Der Vorfall sorgt auch nach Tagen noch für Entsetzen: Nachdem Kinder und Jugendliche einen Polizisten an der Ida Ehre Schule an der Schlankreye in Eimsbüttel attackiert haben, hat sich erstmals die Schulleiterin Nicole Boutez geäußert. In einer Stellungnahme wehrt sie sich gegen Vorwürfe, die auch gegen die Schule laut geworden waren. Unterdessen werden Details zu dem 13-Jährigen bekannt, der im Mittelpunkt des Vorfalls steht.
Wie man „mittlerweile wisse“, seien Schülerinnen und Schüler der Ida Ehre Schule „durch einen Schüler einer anderen Schule in bedrohlicher Weise angesprochen und unter Druck gesetzt“ worden, heißt es in der Stellungnahme. Gemeint ist damit offenbar der 13-Jährige.

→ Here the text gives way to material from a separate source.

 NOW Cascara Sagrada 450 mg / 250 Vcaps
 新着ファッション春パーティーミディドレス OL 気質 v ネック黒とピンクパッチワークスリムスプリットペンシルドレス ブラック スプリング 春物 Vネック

Deshalb habe man „augenblicklich ein bewährtes Verfahren“ in Gang gesetzt und den „Cop4U“ eingeschaltet – den Polizisten, der der Schule fest zugeteilt ist und in solchen Fällen auch als erster Ansprechpartner diene. Der Beamte sollte deshalb auch eingreifen, als der Jugendliche am vergangenen Donnerstag erneut vor der Ida Ehre Schule erschien.

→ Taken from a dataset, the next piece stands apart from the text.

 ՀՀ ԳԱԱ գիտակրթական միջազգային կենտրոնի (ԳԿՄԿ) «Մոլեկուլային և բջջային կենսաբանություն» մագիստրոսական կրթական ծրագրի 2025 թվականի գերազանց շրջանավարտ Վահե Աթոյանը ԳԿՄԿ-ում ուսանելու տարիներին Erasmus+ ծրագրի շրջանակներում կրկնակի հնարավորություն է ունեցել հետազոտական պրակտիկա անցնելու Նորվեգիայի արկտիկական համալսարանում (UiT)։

Gewalt gegen Polizei: Lehrkräfte der Ida Ehre Schule griffen ein
„Die sich daraus entwickelnde Eskalation war erschütternd“, sagt Schulleiterin Boutez nun. Nachdem der Beamte den 13-Jährigen, der zuvor seine Hand unter der Jackentasche hielt und nach Einschätzung des Polizisten bewaffnet gewesen sein könnte, zu Boden gebracht hatte, bildete sich eine große Gruppe von Umstehenden. Im weiteren Verlauf kam es nach Polizeiangaben unter anderem zu Tritten gegen den Kopf des Polizisten.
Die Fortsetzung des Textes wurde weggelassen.